Pale garnet with wide ambering edges. Extremely thin. A nose at once sharply balsamic and edgily rustic. Candied to a point, and then the vast expanse of old-vine takes over, bringing its dirty, grainy version of syrupy hangover with it.
This thing just REEKS Contra Costa County. I have been a vocal proponent of CCC for decades, and it regularly gets overlooked, but the Zinfandel, Carignane, and Mourvedre produced in this bottom-land surrounded by delta are not only distinctive, but exemplary. Vines well over 100 years old are common, and much of it is dry-farmed and head-trained. There are other varieties grown in CCC of course, but these are the stalwarts which stand out in my memory. There are not a lot of prominent wineries in CCC, and most of my exposure was hatched by Cline in the late 80’s. I honestly did not notice “Contra Costa County” on the label of this wine but started checking as soon as I smelled it. This particular bottling is not going to match the density and concentration of most CCC wines, but the texture is all there–even in this light, low-alcohol form.

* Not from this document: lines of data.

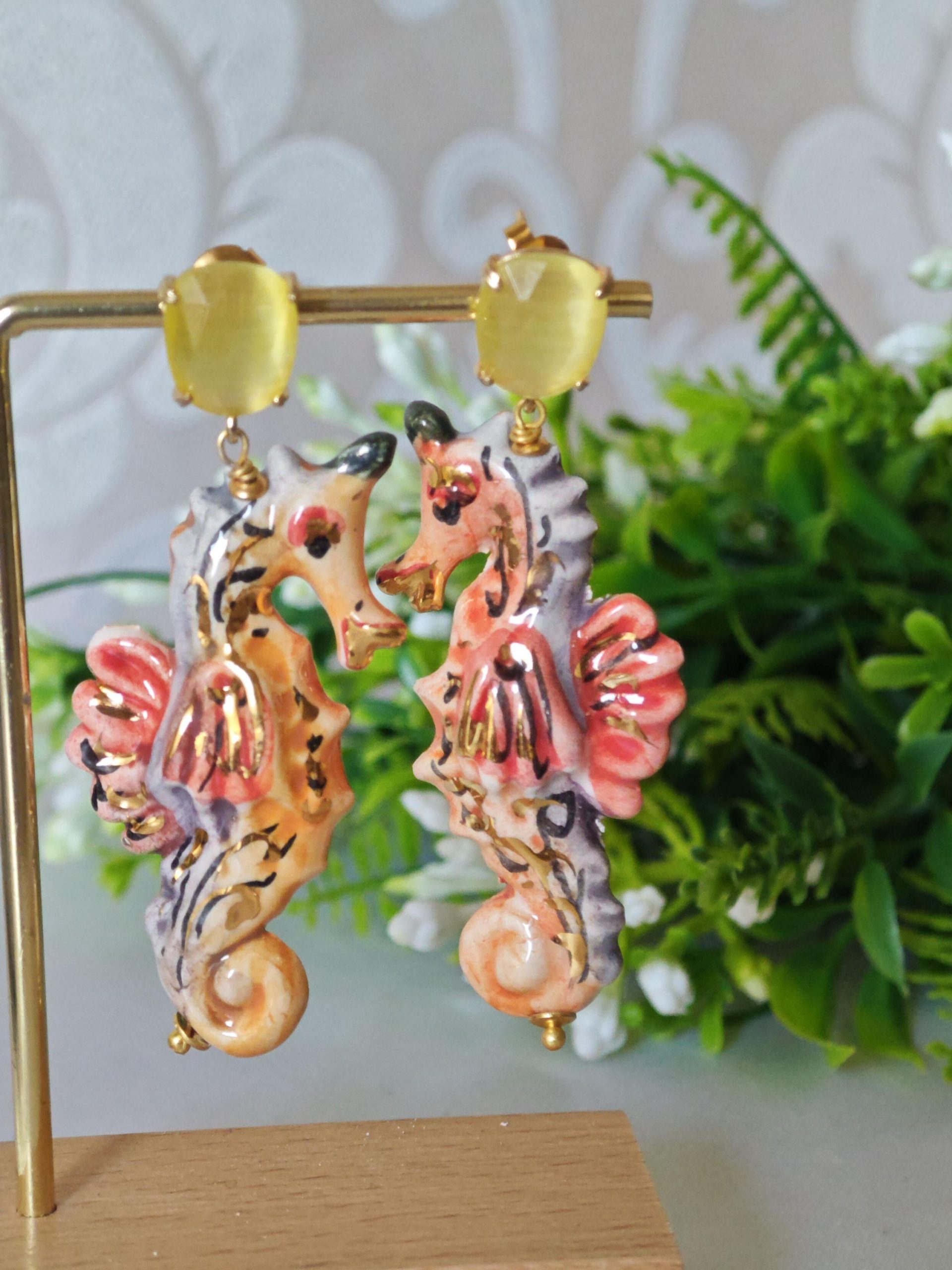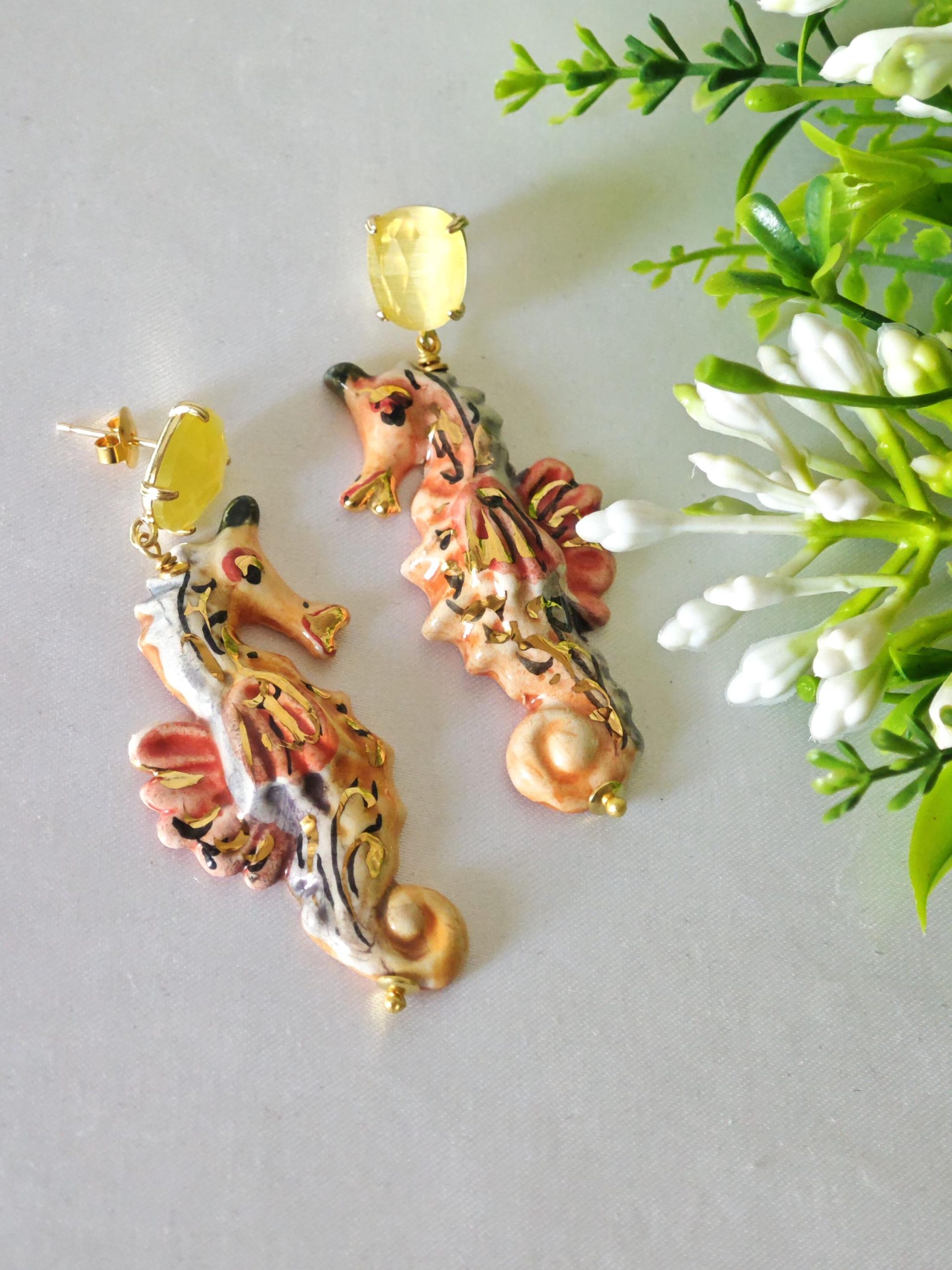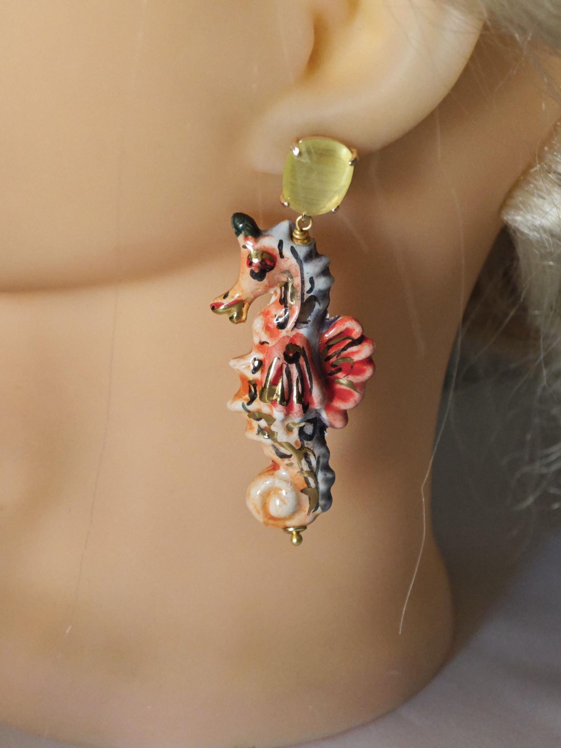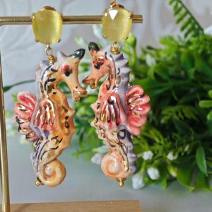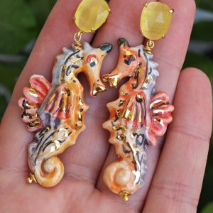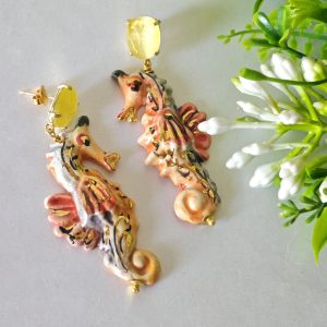 Orecchini cavallucci marini ceramica di Caltagirone con quarzo giallo, orecchini siciliani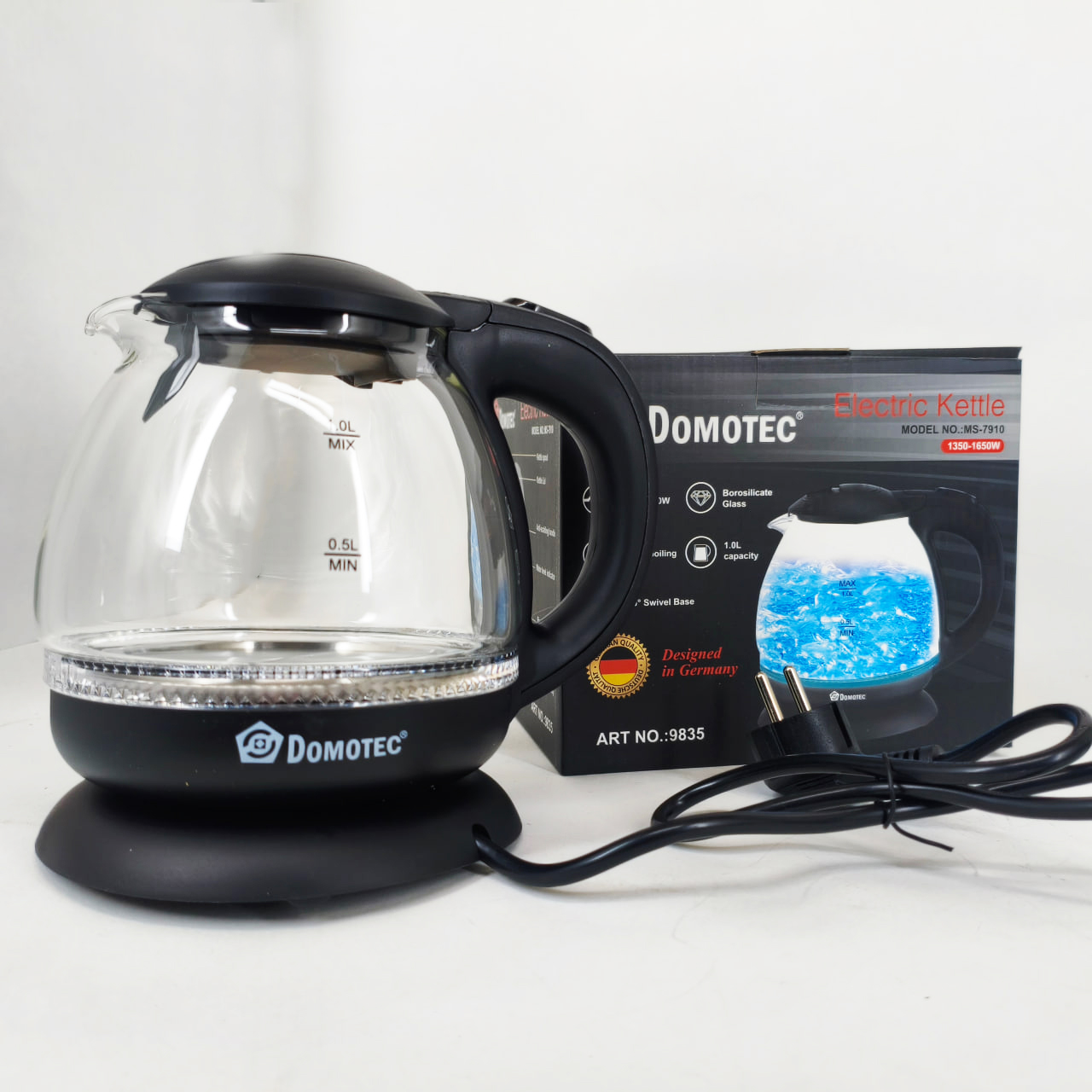 Скляний електрочайник Domotec MS-7910 1л 1650Вт з LED підсвічуванням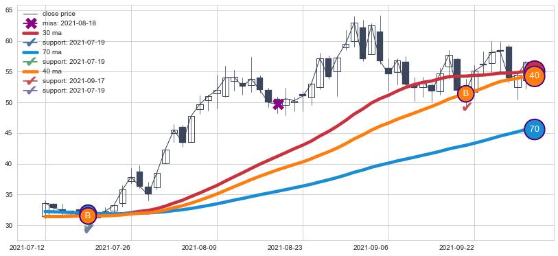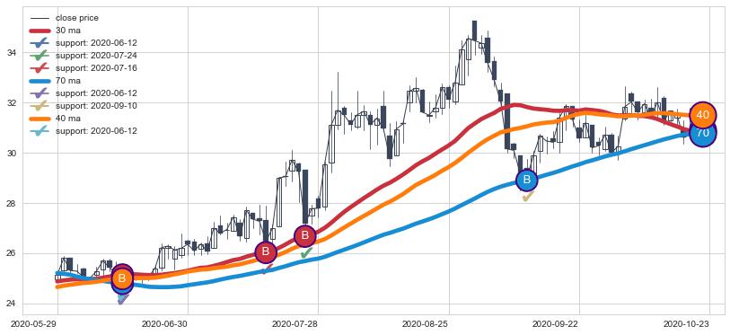 ➢ 最优均线组合共正确确认支撑阻力信号7处,正确确认率 50.00%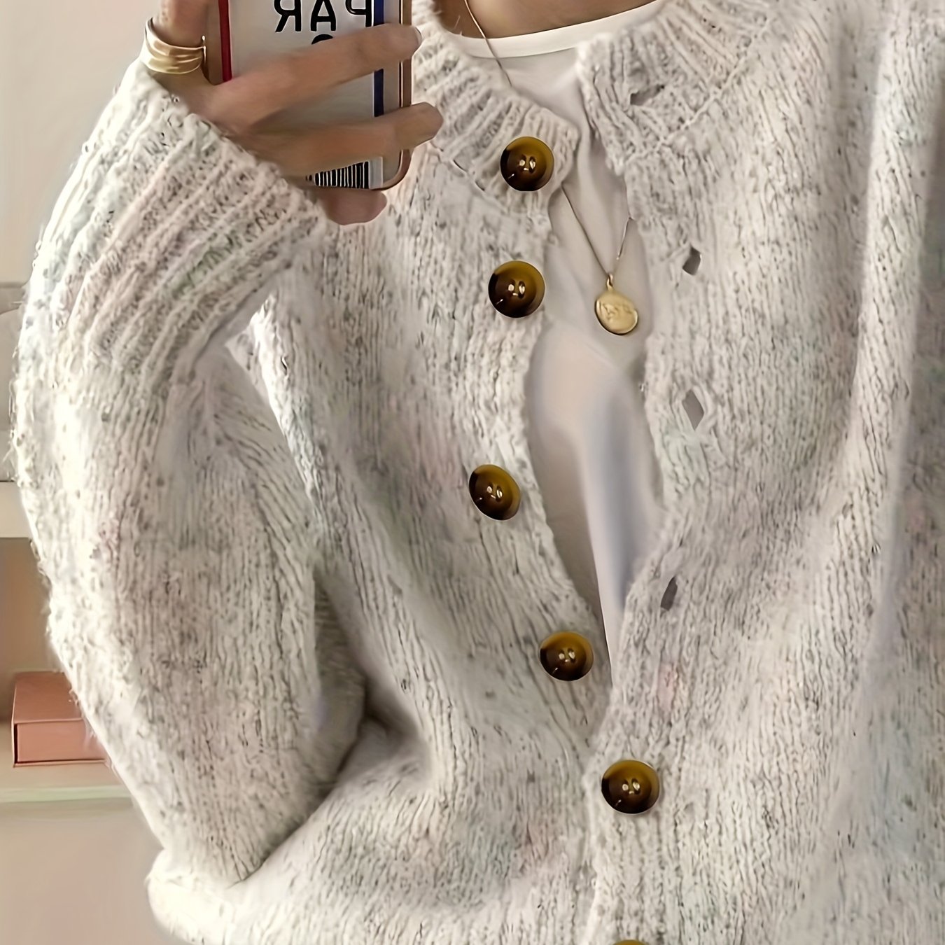 TEMU 여성용 우아한 화이트 프렌치 가디건 - 골드톤 버튼, 부드러운 루즈핏 긴팔 라운드넥 겨울코트, 고급스러운 텍스처와 중간 수준의 신축성, 캐주얼과 포멀웨어에 활용 가능한 1색상 이너 & 외피 레이어링, Front Button Closure로 완성된 사계절형 니트웨어, 사무실복으로 적합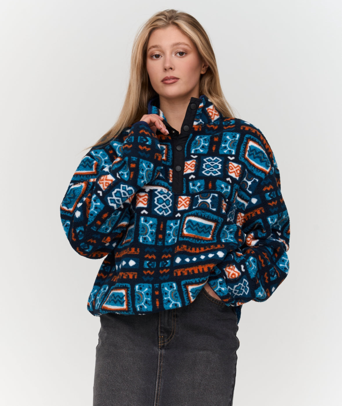 We are getting ready for cosy season with our new Aztec fleece. A longline fleece that features a half popper fasten front along with long sleeves. The quirky Aztec print makes this the perfect off duty style.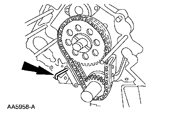 4. Compress and install a retaining pin to hold the timing chain tensioner.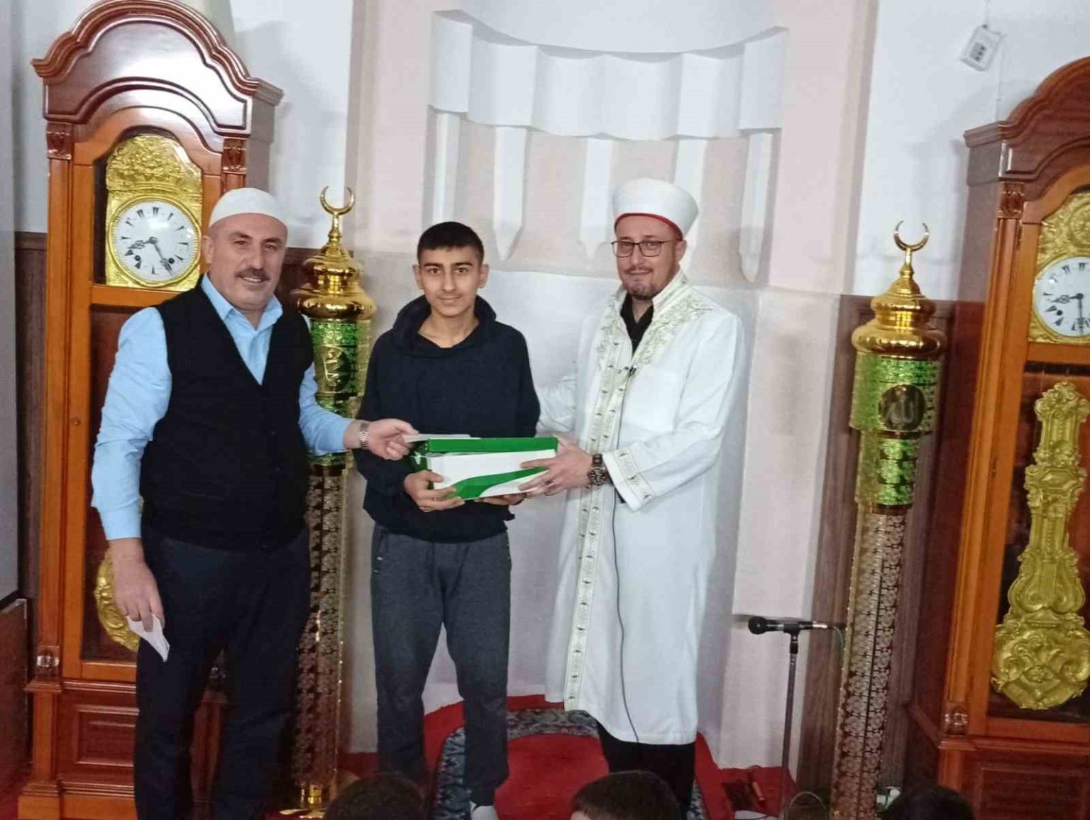 Geçirdiği küçük bir kaza nedeniyle hediyesini almaya gelemeyen bir öğrenciyi evinde ziyaret ettiklerini belirten İmam Tevfik Düdükcü ise, “Mehmet hocamız ve öğrenci arkadaşlarıyla birlikte öğrencimizi evinde ziyaret ederek geçmiş olsun dileklerimizi ilettik ve hediyesini kendisine takdim ettik. Rabbim bu gençlerimizden ve anne babalarından razı olsun. Camilerimiz böyle pırlanta gibi gençlerle dolup taşsın inşallah. Bu gençlerimizin hediyelerinde bizlere destek olan cami cemaatimize ve hayırsever iş insanlarına da şükranlarımızı sunuyoruz.” diye konuştu.

In the mouth, beautiful full fruit is tempered instantly by a roiling structure. At once pretty and flaccid–and the next burning with watery tannin over a middle of artichoke bitter. But throughout, a stream of straight-forward rusticity–a place-mark to early California winemaking–even in this thoroughly hipster interpretation. It never gets bogged down, it never gets too flabby, although nods to warm valley summers and dull salty slough outings are apparent. It manages to retain a brightness through all its history, melding the two perfectly.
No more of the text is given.